Par ailleurs, depuis la reprise de Kleslo et la création de KLS VIP, nous avons également pris le virage des fauteuils recliners. Si le marché français aborde encore cette évolution avec mesure, elle est déjà largement adoptée dans d’autres territoires, notamment aux États-Unis, où ces standards sont devenus incontournables. Historiquement, ces innovations traversent l’Atlantique avec quelques années de décalage, et nous sommes déjà prêts à accompagner cette transition le moment venu, avec des solutions maîtrisées et adaptées.
Enfin, nous continuons bien entendu à développer nos gammes de fauteuils relevables et clubs, afin de proposer des alternatives équilibrées.

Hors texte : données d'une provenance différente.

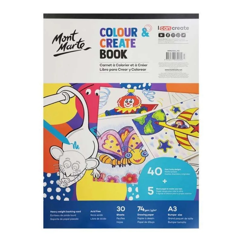 Introduce your little artists to a world of creativity with this fun colouring book. It’s full of 40 designs that kids can bring to life, plus 5 blank pages where they can express themselves.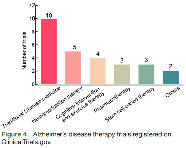 通过整理在ClinicalTrials进行的研究情况,发现在中国有97项已经完成或者正在进行的临床试验,其中41项是于2019年注册的(见图4和图5)。抗Aβ疗法、神经调节疗法、干细胞疗法和中医药是过去2年临床应用的主要方法。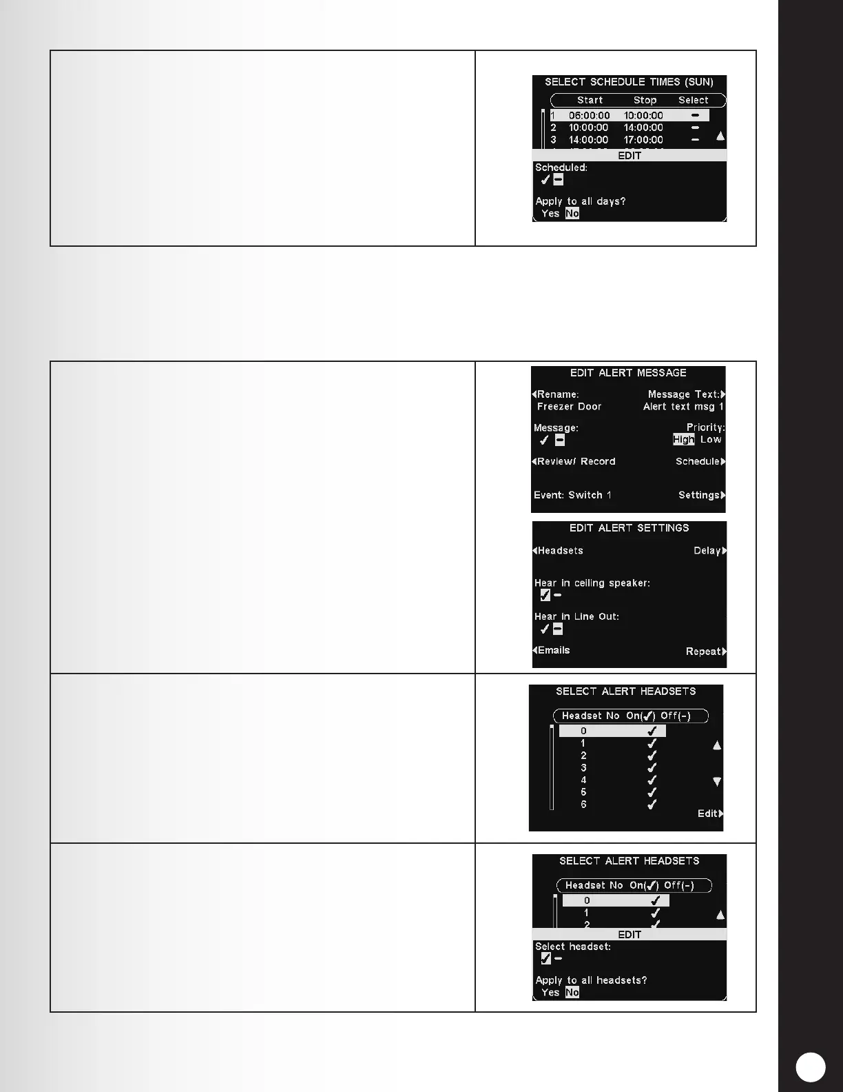 Then, press the Headsets button on the EDIT ALERT

L’objectif reste d’offrir aux exploitants une palette de solutions cohérentes, alliant confort, design et maîtrise des investissements.
Quel est votre meilleur souvenir – racontable – du Festival de Cannes ?
Il est vrai que, de par mon jeune âge, j’ai encore un peu moins de vécu que certains sur le Festival de Cannes, puisque ce n’est que mon deuxième avec KLS VIP. Pourtant, j’ai l’impression d’avoir grandi avec cet événement. Dans ma famille, et notamment avec mon grand-père et mon père, Alain et Ludovic Kloeckner, le Festival a toujours été un moment clé de l’année. Enfant, cela signifiait surtout deux choses : rester à la maison avec ma sœur, gardé par ma mère pendant deux semaines… et constater, non sans une certaine frustration, que la piscine et le jacuzzi de mon grand-père devenaient soudainement inaccessibles de part son absence !
Plus récemment, un souvenir me revient, un peu plus embarrassant mais racontable ! Il y a quelques années, à l’époque où le bateau des exploitants était encore présent pendant le Festival (un projet soutenu par plusieurs fournisseurs, dont Kleslo), j’étais étudiant à Nice et passais régulièrement à Cannes. Un soir, en me promenant sur la Croisette avec une copine, je me suis laissé emporter par l’ambiance et, avec beaucoup d’assurance, je lui ai désigné le bateau en question en lui expliquant que c’était celui de ma famille plus précisément de mon grand-père et que nous pourrions y passer un week-end cet été.
Sur le moment, la démonstration était plutôt convaincante… mais avec le recul, j’ai surtout eu beaucoup de chance qu’elle ne prenne jamais cette invitation au sérieux ! Disons que cela reste un souvenir amusant, qui illustre bien la magie et parfois les petits excès d’imagination que peut susciter le Festival de Cannes.